Pemerintah Kuba merayakan ulang tahun Fidel Castro yang ke-88 dengan kemegahan dan foto
HAVANA (AP) – Kuba memperingati ulang tahun Fidel Castro yang ke-88 pada hari Rabu dengan penghormatan di media resmi, konser dan pameran foto di ibu kota serta peresmian restorasi rumah tempat ia dilahirkan.
Dibenci oleh banyak orang buangan di Florida yang melihatnya sebagai orang yang memerintah dengan tangan besi dan menghilangkan kebebasan sipil, Castro dipuji di pulau itu sebagai pejuang kesetaraan dan keadilan sosial yang menantang Amerika Serikat selama lima dekade.
“Delapan puluh delapan alasan lagi untuk terus berjuang menyelamatkan umat manusia,” demikian bunyi judul utama surat kabar tersebut Pemuda Pemberontak.
“Memberi penghormatan kepada Fidel adalah sebuah partai besar,” harian Partai Komunis Nenek dikatakan.
Castro pensiun selamanya pada tahun 2008 setelah penyakit yang hampir fatal, menyerahkan kekuasaan kepada adik laki-lakinya dan penggantinya, Raúl, yang berusia 83 tahun pada bulan Juni. Castro yang lebih muda mengatakan ia bermaksud untuk meninggalkan jabatannya pada saat masa jabatannya berakhir pada tahun 2018, dan tahun lalu menunjuk generasi berikutnya sebagai pewaris Wakil Presiden Pertama Miguel Díaz-Canel.

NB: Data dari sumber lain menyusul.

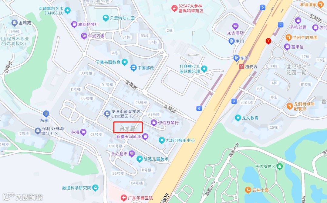 育龙居小区位于天源路主干路上,在天河区华南植物园对面,内有居民楼28栋近1400户业主,6号线植物园地铁站步行3分钟即达,周边都是住宅小区,生活交通方便,附近有龙洞步行街,商业氛围浓厚。
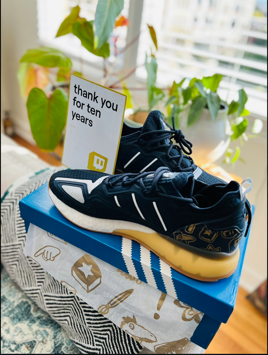 2500 pairs of the @adidasoriginals ZX 2KBoost. These shoes were gifted to each full time employee to celebrate their 10 year anniversary. Each shoe came with Twitch icons painted on the heel, custom tissue paper embellished with twitch icons and custom insoles
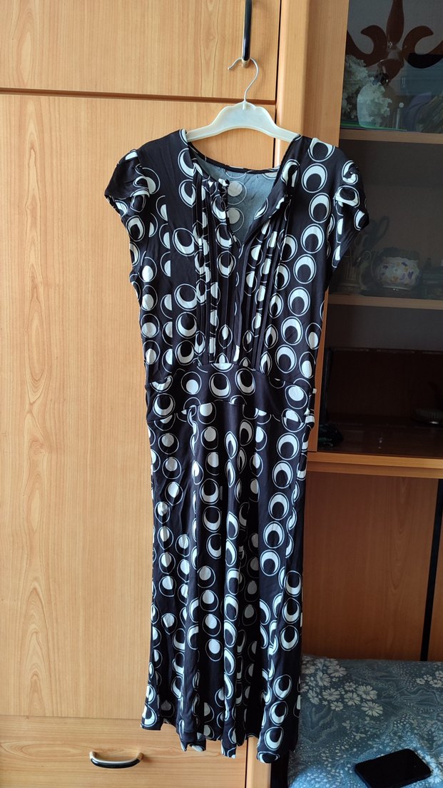 kahverengi uzun elbise, düğmeli ve kısa kolludur. Gevşek kesim ve pilili detaylara sahiptir. Retro tie-dye deseni ile gotik ve avangart tarzı yansıtır. düğmeyi kapatan ip kopuk
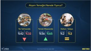 15 Mart 2022- 30 yılı aşkın bir süredir Türk mutfak kültürünü koruma ve gelecek nesillere aktarma amacıyla çalışan Metro Türkiye, KONDA iş birliği ile gerçekleştirdiği ‘2022 Yeme-İçme Araştırması’nın sonuçlarını açıkladı. Tüketicilerin tutum ve davranışlarını paylaşarak yeme içme sektörüne yol göstermeyi ve kamuoyunu aydınlatmayı amaçlayan Metro Türkiye, araştırmada; alışveriş tercihlerini, sağlıklı beslenme eğilimini ve evde ve restorandaki yeme içme alışkanlıklarınıdetaylı bir şekilde mercek altına alıyor.
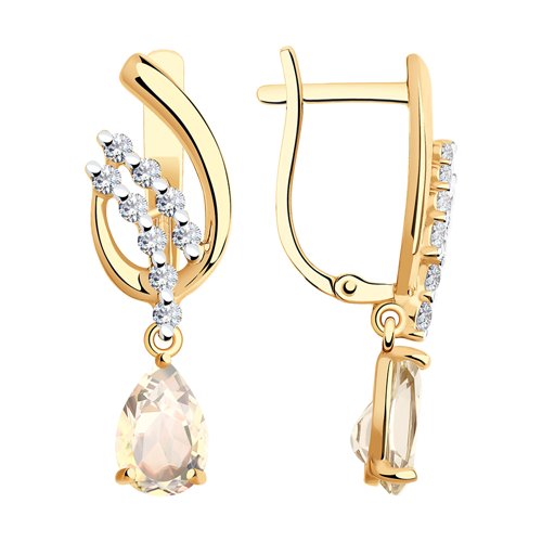 Серьги из красного золота с топазами и фианитами

Fidel Castro jarang tampil di depan umum akhir-akhir ini, dan tidak berpartisipasi dalam perayaan resmi ulang tahunnya dalam beberapa tahun terakhir. Namun, tonggak sejarah ini merupakan pengingat bahwa waktu terus berjalan bagi kaum revolusioner lanjut usia yang masih menduduki banyak posisi teratas.
“Delapan puluh delapan tahun, itu lama sekali, dan usia mayoritas pemimpin yang lanjut usia sudah mengkhawatirkan,” kata Frank Jimenez, seorang pensiunan berusia 67 tahun di Havana. “Kecuali Diaz-Canel, mereka berusia sekitar 80 tahun. Saya pikir mereka seharusnya mempersiapkan lebih banyak pemain muda… mereka memerlukannya untuk maju.”
Pameran foto bertajuk “Fidel is Fidel” ini merupakan kumpulan gambar Fidel Castro yang diambil antara tahun 2005 dan 2012 oleh Roberto Chile, yang memiliki akses terhadap pemimpin Kuba tersebut selama lebih dari 25 tahun.
Dibuka Selasa malam di peringatan Havana untuk pahlawan kemerdekaan Jose Marti. Tokoh-tokoh era revolusioner seperti Jose Ramon Fernandez, Guillermo Garcia Frias dan Armando Hart hadir, begitu pula balerina terkenal Kuba Alicia Alonso.
Pejabat pulau mengatakan pertunjukan paralel dipentaskan di sebuah galeri di Berlin.
Surat kabar Kuba Trabajadores mengatakan restorasi tempat kelahiran Castro di Biran, di provinsi timur Holguin, dilakukan oleh kantor sejarawan Havana dan pekerja dari sebuah perusahaan konstruksi milik negara.
Pekerjaan restorasi di kawasan pedesaan juga mencakup beberapa bangunan lain seperti panteon keluarga tempat orang tua Fidel dan Raúl Castro dimakamkan, sekolah tempat mereka belajar semasa kecil, dan kabin tempat tinggal para pekerja perkebunan Haiti.
Meski tak lagi berkuasa dan tak mendapat sorotan, Castro tetap memberikan bayangan panjang.
Dia secara teratur bertemu dengan pejabat asing yang berkunjung, yang terbaru adalah Presiden Vladimir Putin dari Rusia dan Xi Jinping dari Tiongkok.
Castro juga terus menulis kolom surat kabar yang biasanya membahas peristiwa-peristiwa dunia seperti krisis Ukraina dan pertemuan puncak negara-negara BRICS baru-baru ini di Brasil.
Pekan lalu, media pemerintah menerbitkan sebuah artikel di mana Castro dengan tajam mengkritik serangan Israel di Gaza, menyebutnya sebagai “genosida yang dilakukan terhadap orang-orang Palestina” dan memperingatkan akan terjadinya “Holocaust Palestina.”